Problem details: The whole listing is to be given again without alteration, except that its pictures are dropped.

Source data:
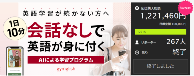 Gymglishを、アタラシイものや体験の応援購入サービス「Makuake」にて7月26日にリリースし、9月27日までに、267名のサポーターに応援購入いただき、応援購入目標金額の1221%を達成いたしました。
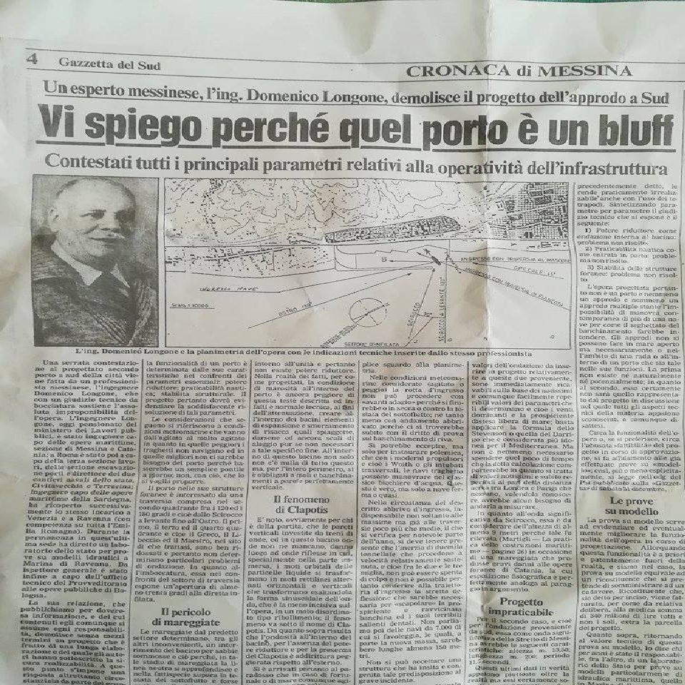 Mazzeo, scrive: “bene ha fatto il giornalista Alessio Caspanello a ricordare stamani con un articolo su Lettera Emme i -disastri progettuali- del secondo approdo a Tremestieri (Messina), di cui si sta avviando un costosissimo e in utile ampliamento. E’ opportuno tuttavia ricordare come già nel 1989 l’ex ingegnere capo delle Opere marittime della Sardegna, di Venezia e Ravenna, il messinese Domenico Longone, con una lunga relazione pubblicata dalla Gazzetta del Sud aveva spiegato come quello di un nuovo porto a Sud era un vero e proprio -bluff-, un -progetto impraticabile-, che sarebbe stato immediatamente -insabbiato dalle mareggiate-“.
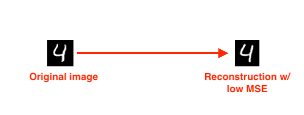 We would expect the autoencoder to do a really good job at reconstructing the digit, as that is exactly what the autoencoder was trained to do — and if we were to look at the MSE between the input image and the reconstructed image, we would find that it’s quite low.
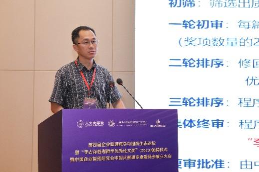 开幕式后,第四届“李占祥管理哲学优秀论文奖”(2023)颁奖仪式举行。仪式由纬来体育官方网站-纬来体育Videoland Sports 教授毛基业主持,纬来体育官方网站-纬来体育Videoland Sports 副院长邓子梁宣布获奖论文名单。多位嘉宾为获奖论文作者进行颁奖。
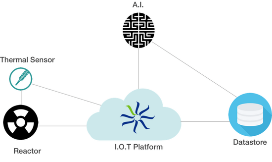 让我们以前面提到的核电站场景为例,除了智能检测、控制所需要的输出量之外,我们也可以增添一种新的功能,如果系统出现了错误,可以作出反应。在这个案例中,我们想让它在过热的时候自动关闭。下面的图片是一个简单的流程图。
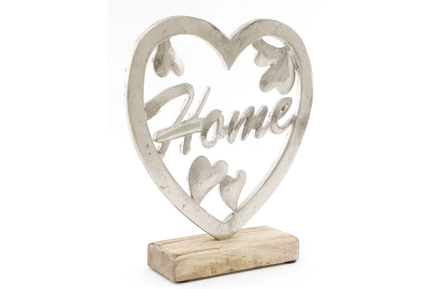 Kovová dekorácia v tvare strieborného srdca s vnútorným nápisom HOME na drevenom podstavci urobí Vašu domácnosť útulnejšou a pridá pocit bezpečia. Svoje miesto nájde napr. na poličke, botníku či komode.

Answer to this task:
 Gymglishを、アタラシイものや体験の応援購入サービス「Makuake」にて7月26日にリリースし、9月27日までに、267名のサポーターに応援購入いただき、応援購入目標金額の1221%を達成いたしました。
 Mazzeo, scrive: “bene ha fatto il giornalista Alessio Caspanello a ricordare stamani con un articolo su Lettera Emme i -disastri progettuali- del secondo approdo a Tremestieri (Messina), di cui si sta avviando un costosissimo e in utile ampliamento. E’ opportuno tuttavia ricordare come già nel 1989 l’ex ingegnere capo delle Opere marittime della Sardegna, di Venezia e Ravenna, il messinese Domenico Longone, con una lunga relazione pubblicata dalla Gazzetta del Sud aveva spiegato come quello di un nuovo porto a Sud era un vero e proprio -bluff-, un -progetto impraticabile-, che sarebbe stato immediatamente -insabbiato dalle mareggiate-“.
 We would expect the autoencoder to do a really good job at reconstructing the digit, as that is exactly what the autoencoder was trained to do — and if we were to look at the MSE between the input image and the reconstructed image, we would find that it’s quite low.
 开幕式后,第四届“李占祥管理哲学优秀论文奖”(2023)颁奖仪式举行。仪式由纬来体育官方网站-纬来体育Videoland Sports 教授毛基业主持,纬来体育官方网站-纬来体育Videoland Sports 副院长邓子梁宣布获奖论文名单。多位嘉宾为获奖论文作者进行颁奖。
 让我们以前面提到的核电站场景为例,除了智能检测、控制所需要的输出量之外,我们也可以增添一种新的功能,如果系统出现了错误,可以作出反应。在这个案例中,我们想让它在过热的时候自动关闭。下面的图片是一个简单的流程图。
 Kovová dekorácia v tvare strieborného srdca s vnútorným nápisom HOME na drevenom podstavci urobí Vašu domácnosť útulnejšou a pridá pocit bezpečia. Svoje miesto nájde napr. na poličke, botníku či komode.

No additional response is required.